The Australian arts scene, company managements and professions are stuffed with upwardly mobile ex-New Zealanders. Australians own large parts of the New Zealand economy and send emissaries to run branch offices and sub-branch offices; Australian public servants are liberally recruited to head government departments and commissions. But New Zealanders often resent what they see as Australian — by which they mean foreign — dominance.

New Zealanders would see an attack on Australia as an attack on New Zealand. They work hand-in-glove to stabilise Pacific island countries when they get into difficulties. But New Zealanders do not share Australians’ strong support for tight alliance with the United States. New Zealand could no more have joined the Iraq invasion than Australia could have not joined it.

Australia’s indigenous population is tiny and thus poses at most a moral issue for the majority (not even that for most of the majority). New Zealand’s indigenous population is large and thus critical to economic performance and social cohesion and is consequently accorded special status in the power structure. It also is an important and growing definer of our culture, by which I mean “who we are”.

The list is long. In every aspect of economic, social and political life there is both convergence and divergence between what Australians are and do and what New Zealanders are and do. The same goes for laws and regulations.

Our citizenries merge easily but in 2001 Helen Clark explicitly ruled out common citizenship.

Thus our political and court systems must remain distinct. But increasingly, because of that easy intermingling, each jurisdiction needs to cooperate with the other.

Our two countries’ national customs are near-indistinguishable to visitors from Asia. We share soap operas and rugby league excitements. But New Zealand increasingly feels like the Pacific island archipelago it is whereas Australia is a distinct continent against which the Pacific washes.

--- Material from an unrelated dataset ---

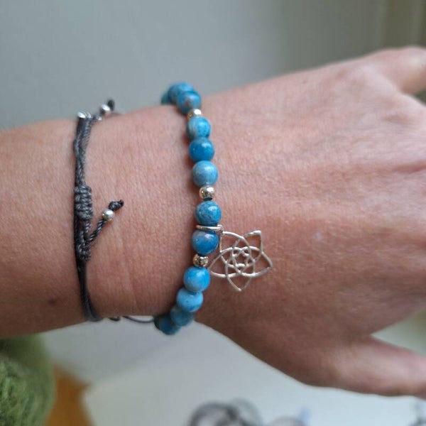 Bracelet monté sur élastique avec apatite claire et argent 925.

The economies are so deeply integrated and intertwined that re-segregation is near unimaginable and is in any case undesired, except by a tiny few. But they are regulated differently and differences are likely to remain a good long while yet.

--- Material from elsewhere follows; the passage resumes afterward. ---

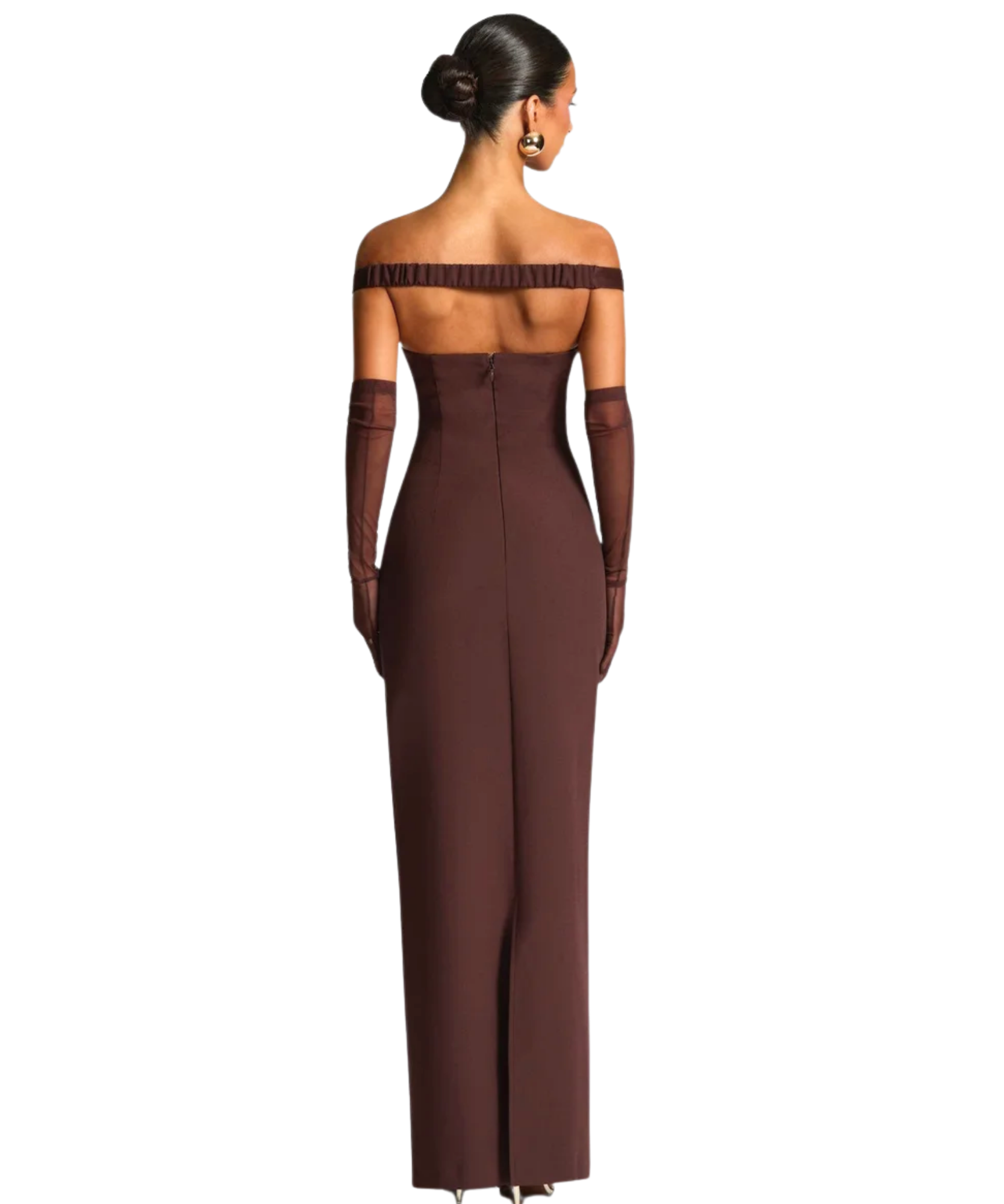Sofisticação exclusiva que transforma qualquer momento - Vestido longo festa ombro a ombro

The Australia New Zealand Closer Economic Relations Agreement (CER) both recognised the growing integration of the populations which cheap jet travel enabled and encouraged and promoted the economic integration that was bound to follow. CER was an instrument of convergence, explicitly of the two economies and implicitly of the two societies. “Closer relations” was the name chosen, not “free trade”. Free trade was achieved by 1990 and very nearly free trade in services followed over the next decade (1). By 1990 analysts, business leaders and politicians were talking of developing CER into a “single economic market” (SEM) in which, as New Zealand Prime Minister Sir Geoffrey Palmer enthused in 1990, “[t]he Tasman will not be a legal, administrative or financial barrier to the free flow of commerce”.

But running counter to CER have been currents of divergence. Some are unconscious — politicians and officials have simply gone their own way without checking their actions against CER and the SEM. Some are intentional or at least taken despite being aware of CER/SEM implications. The Australians’ sudden cancellation by fax in 1994 of a single aviation market was a low point. Moreover, while New Zealand is Australia’s biggest source of tourists and destination for offshore investment and fifth biggest export market, Australian officials have bigger prospective fish to fry in Asia and North America and sometimes explicitly say so, as Treasurer Peter Costello did in 2005 when pressing New Zealand on banking and finance regulation. The gains to Australia and Australian interests need to be clear before the full weight of Australian attention is brought to bear. That is asymmetry in action.

The result is that progress toward the SEM has been so uneven and halting that the New Zealand Finance Minister, Michael Cullen, and Costello could plausibly present it as a new goal at their inaugural annual bilateral meeting in 2003. Palmer’s “flow of commerce” is fluid but not yet “free” and is unlikely to be in the next 10 years.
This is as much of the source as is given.